Twist-related protein 1 negatively regulated osteoblastic transdifferentiation of human aortic valve interstitial cells by directly inhibiting runt-related transcription factor 2.

OBJECTIVE Valve calcification involves transdifferentiation of valve interstitial cells (VICs) into osteoblasts. Twist-related protein 1 (TWIST1) has been established as a negative regulator of osteoblast differentiation in both mouse and human mesenchymal stem cells, but its function in human aortic VICs is unknown. In our study, we determined the mechanism of TWIST1 action in regulating osteoblastic transdifferentiation of human aortic VICs. METHODS Human calcified and noncalcified aortic valves were examined for TWIST1 expression. Human aortic VICs were isolated and cultured.
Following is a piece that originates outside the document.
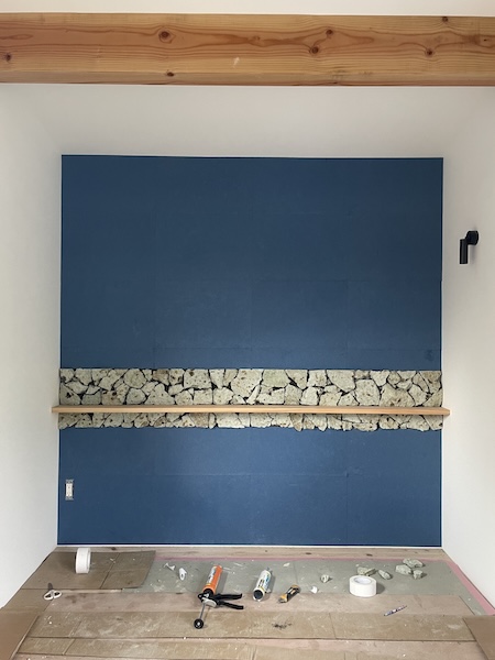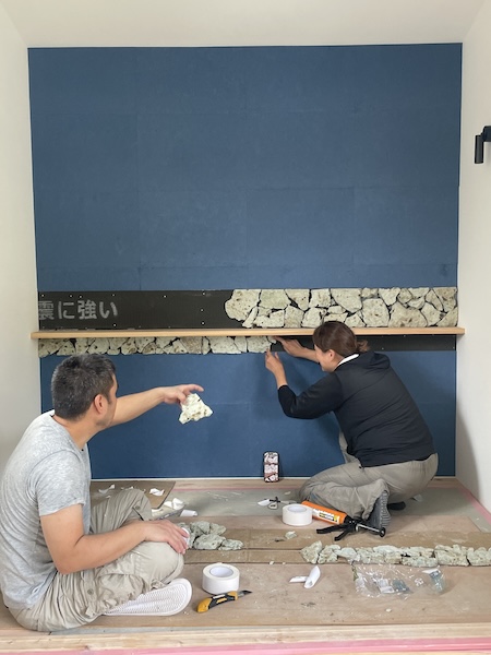 石を張ること数時間。なんとか無事張り終わりました!直線ですしすぐ終わるのかと思いきや舐めてましたね。1日がかりの作業となりました。ただ、出来栄えには大満足です。大谷石と烏山和紙、どちらも栃木県の材料ですので相性はバッチリですね!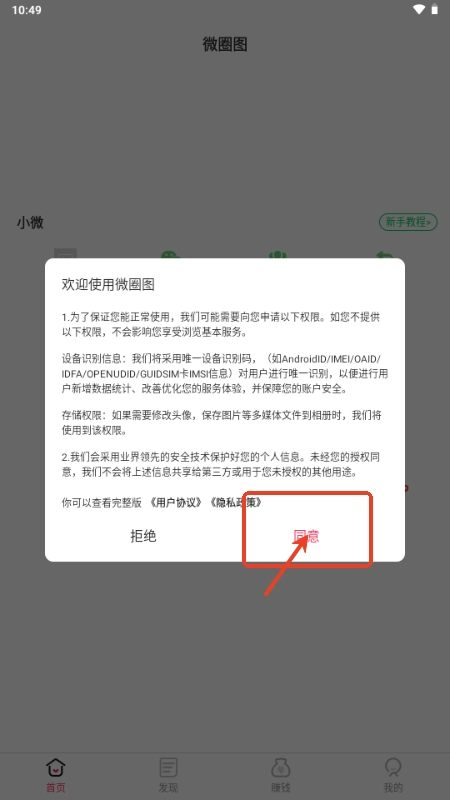 1、在本站下载微圈图,打开后点击同意软件政策;

RESULTS The data showed that calcified aortic valves express lower levels of TWIST1. In vitro experiments showed that TWIST1 overexpression inhibited the transdifferentiation of VICs into osteoblasts by decreasing the expression of runt-related transcription factor 2 (RUNX2) and its downstream osteoblastic markers. Through chromatin immunoprecipitation and dual luciferase assays, we found that TWIST1 repressed the expression of RUNX2 by directly binding to an E-box located at -820 bp of the RUNX2 P2 promoter region and inhibiting its activity. CONCLUSIONS Our study results suggest that TWIST1 could play an important role in preventing human aortic valve calcification by negatively regulating osteoblastic transdifferentiation of human aortic VICs through direct inhibition of RUNX2.